Aaron Renn, The Manosphere and the Church (September 2020)

Presumption of Regularity Redux

Early in Trump’s second administration, handwriting appeared on the walls of the Department of Justice and the offices Federal District Attorneys:

Integrity will not be tolerated if it requires candor to the court about weaknesses in the Administration’s position.

If you’ve ever been even a mediocre lawyer, you know that intransigence toward a judge who has figured out your case’s weakness is not wise even in the short term. In the longer term, it tells the court you can’t be trusted to be honest.

In Federal Courts, there was a longstanding “presumption of regularity” in the doings of government lawyers. That has been lost so completely that it’s no longer even talked about in the news, especially when there are new Administration theatrics to talk about.

But I’m going to talk about something related. Minneapolis is a “sanctuary city” of a fairly rigorous sort. It won’t cooperate with DHS/ICE even so modestly as to let them know when they have illegal immigrants convicted of violent crimes in their custody. That’s part of Trump’s rationale, at least after-the-fact, for sending in 3000 ICE agents ostensibly to deal with welfare fraud that didn’t involve illegal immigrants but US Citizens who were once immigrants. So something smells fishy.

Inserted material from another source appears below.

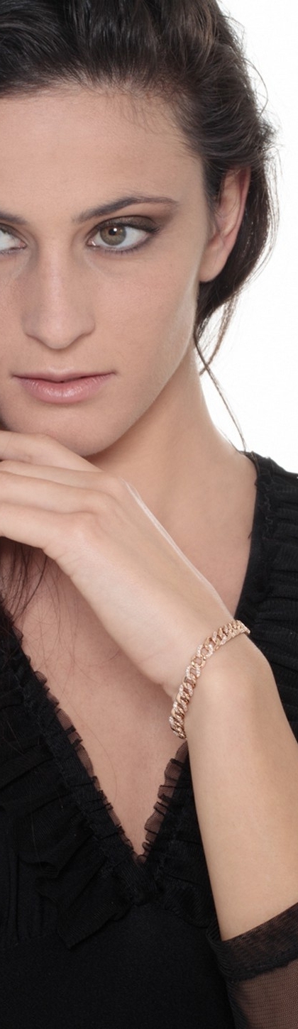 Bracelet gourmette en or rose 18k avec diamants taille brillant, couleur H, pureté VS.

Those ICE agents are wearing masks. They’re behaving provocatively. The news has stories about them grabbing brown kids as they leave school, then returning them hours later because they’re here legally, and about American citizens of foreign origin being snatched and sent to hellhole foreign prisons.

The new guy in charge of ICE in Minneapolis says he’ll draw down his troops if Minneapolis will start cooperating on the transfer of immigrant prisoners to ICE control.

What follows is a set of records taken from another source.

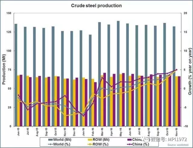 美国2016年11月的粗钢产量为620万吨,同比提高6.8%。
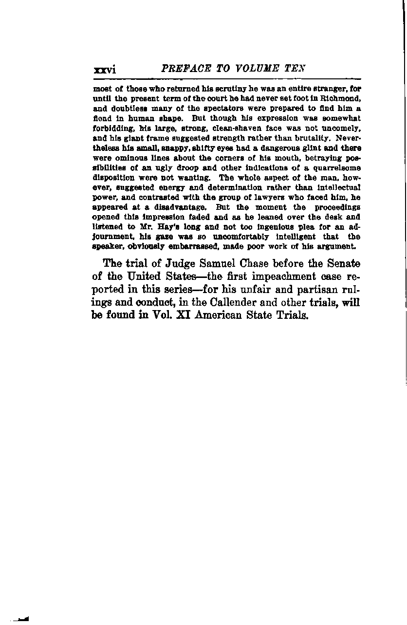 The trial of Judge Samuel Chase before the Senate of the United States—the first impeachment case reported in this series—for his unfair and partisan rulings and conduct, in the Callender and other trials, will be found in Volume XI of *American State Trials*.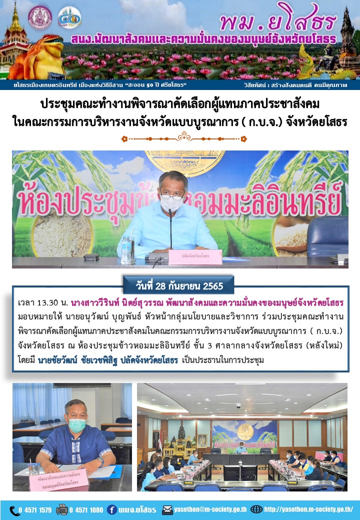 ร่วมประชุมคณะทำงานพิจารณาคัดเลือกผู้แทนภาคประชาสังคมในคณะกรรมการบริหารงานจังหวัดแบบบูรณาการ ( ก.บ.จ.) จังหวัดยโสธร (28 ตุลาคม 2565)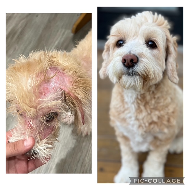 Look at this transformation! Papaya was found as a stray with the worst skin infection I have ever seen! Her finders wanted to keep her, but after weeks of trying to help her skin they could no longer financially or physically take care of her. We took her in and spent many weeks trying to heal her skin. She went from bald, to wirey hair, to these luscious locks! Papaya is a very loved little doggie in her new home!

Can you, Minneapolis official, entertain any presumption of regularity on the part of ICE? Can you presume that American Citizens won’t be manhandled, tortured, deported by these masked goons?

iPhone, the Kleenex for wiping up ICE

The iPhone [note iPhone standing in for all smartphones, like Kleenex=facial tissue] seems to be the only serious threat to ICE’s violence. We know they feel emboldened to do virtually anything to anybody and have been granted a rhetorical “absolute immunity.” We also know that the federal government will tell big, beautiful, massive lies to justify any and all ICE abuses — before any investigations.

So Renee Good was a “deranged lunatic,” Karoline Leavitt declared. Good didn’t just try to run over an ICE officer; she did run him over, and it was unclear if he would survive his injuries, said the president. She was engaged in “domestic terrorism,” according to Stephen Miller. Equally, Alex Pretti was another “would-be assassin” who walked up to ICE officers “brandishing” a gun, trying “to murder federal agents” who, fearing a “massacre,” fired solely in self-defense. He was an “insurrectionist” rightly “put down,” in the words of one MAGA congressman. Last night, Trump repeated his description of Pretti as an “insurrectionist” and “agitator.”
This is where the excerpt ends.